Batch norm, mini-batch, layer norm

Created	@May 8, 2022
Tags	NN

Mini-batch size

the number of samples passed through the network before the network is updated.

a technique that standardizes the inputs to a layer for each mini-batch.

has the effect of stabilizing the learning process and dramatically reducing the number of the training epochs.

During training, the mean and variance are calculated based on the specific batch while they are calculated based on all the batches during testing phase.

Large batch size results in faster convergence but sometimes it may make the model stuck with local minimum and requires more epochs.

Small batch makes convergence slow but may have better results since more randomness is introduced.

why we need BN?

distribution of each layer's inputs changes during training, as the parameters of the previous layers change.

normalize the inputs of for each individual mini-batch at each layer that they have a mean output activation of zero and standard deviation of one.
- i.e compute the mean and variance of that mini-batch alone, then normalize.

This is analogous to how the inputs to networks are standardized.

How does this help?

Normalizing the inputs helps the network learn.

the output of one layer becomes the input to the next, we can think of any layer in a neural network as the first layer of a smaller subsequent network.

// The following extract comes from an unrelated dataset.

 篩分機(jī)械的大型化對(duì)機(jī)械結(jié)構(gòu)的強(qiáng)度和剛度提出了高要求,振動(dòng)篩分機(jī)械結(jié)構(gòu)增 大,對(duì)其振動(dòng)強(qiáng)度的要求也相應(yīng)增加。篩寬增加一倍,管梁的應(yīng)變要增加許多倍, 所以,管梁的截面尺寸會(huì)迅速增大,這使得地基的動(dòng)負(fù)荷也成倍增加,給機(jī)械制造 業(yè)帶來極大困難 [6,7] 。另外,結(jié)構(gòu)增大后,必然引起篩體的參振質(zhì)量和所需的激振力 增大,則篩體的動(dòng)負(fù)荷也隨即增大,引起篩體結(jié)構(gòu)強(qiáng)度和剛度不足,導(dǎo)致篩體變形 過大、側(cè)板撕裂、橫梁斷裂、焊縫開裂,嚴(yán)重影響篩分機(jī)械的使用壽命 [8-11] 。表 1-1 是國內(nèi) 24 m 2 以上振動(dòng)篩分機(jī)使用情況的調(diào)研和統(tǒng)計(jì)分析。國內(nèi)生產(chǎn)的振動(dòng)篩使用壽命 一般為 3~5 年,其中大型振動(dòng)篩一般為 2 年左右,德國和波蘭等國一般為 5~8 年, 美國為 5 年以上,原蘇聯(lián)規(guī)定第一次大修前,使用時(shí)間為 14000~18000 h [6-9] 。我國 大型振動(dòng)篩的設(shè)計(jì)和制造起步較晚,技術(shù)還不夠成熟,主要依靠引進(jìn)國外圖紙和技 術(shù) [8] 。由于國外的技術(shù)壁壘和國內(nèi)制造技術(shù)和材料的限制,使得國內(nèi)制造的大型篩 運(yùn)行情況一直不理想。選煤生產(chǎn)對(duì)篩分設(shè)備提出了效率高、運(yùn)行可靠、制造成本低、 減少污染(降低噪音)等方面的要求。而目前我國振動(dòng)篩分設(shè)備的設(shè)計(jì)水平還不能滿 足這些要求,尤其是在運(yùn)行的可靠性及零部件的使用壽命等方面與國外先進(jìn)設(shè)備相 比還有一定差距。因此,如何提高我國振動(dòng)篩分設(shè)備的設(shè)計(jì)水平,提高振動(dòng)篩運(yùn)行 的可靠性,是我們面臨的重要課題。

we normalize the output of one layer before applying the activation function, and then feed it into the following layer (sub-network).

Batch = (x-m)/v

Batch Normalization

Batch Normalization is a technique used in deep learning to stabilize and accelerate the training of deep neural networks. It does this by normalizing the inputs to a layer for each mini-batch, which helps to reduce the internal covariate shift problem. Internal covariate shift refers to the change in the distribution of network activations due to the update of weights during training, which can slow down the training process and make it harder to tune hyperparameters.

Definition and Operation:

The process involves normalizing the inputs of each layer so that they have a mean of 0 and a standard deviation of 1. This normalization is followed by a scaling and shifting operation, where two trainable parameters per layer are introduced to scale and shift the normalized values. This allows the network to undo the normalization if it finds it beneficial for learning. The operations can be summarized as follows for a given layer's input $X$:

Compute the mean and variance of $X$ within a mini-batch.

Normalize $X$ using the computed mean and variance.

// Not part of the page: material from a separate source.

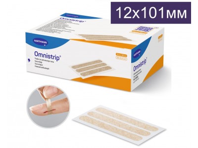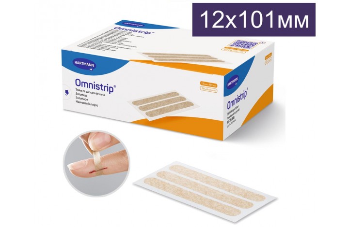 OMNISTRIP — гипоаллергенные стерильные хирургические полоски для закрытия послеоперационных швов, доступные в размере 12 мм х 101 мм в упаковке по 300 штук от производителя HARTMANN.

Scale and shift the normalized $X$ using trainable parameters $γ$ (scale) and $β$ (shift).

The mathematical formula for Batch Normalization is given by:

$\hat{X} = \frac{X - \mu_B}{\sqrt{\sigma_B^2 + \epsilon}}$

$Y = γ\hat{X} + β$

where $\mu_B$ and $\sigma_B^2$ are the mean and variance of the batch, respectively, $\epsilon$ is a small constant added for numerical stability, and $Y$ is the output.

Pros:

Improved Training Speed: It allows the use of higher learning rates and reduces the importance of initialization.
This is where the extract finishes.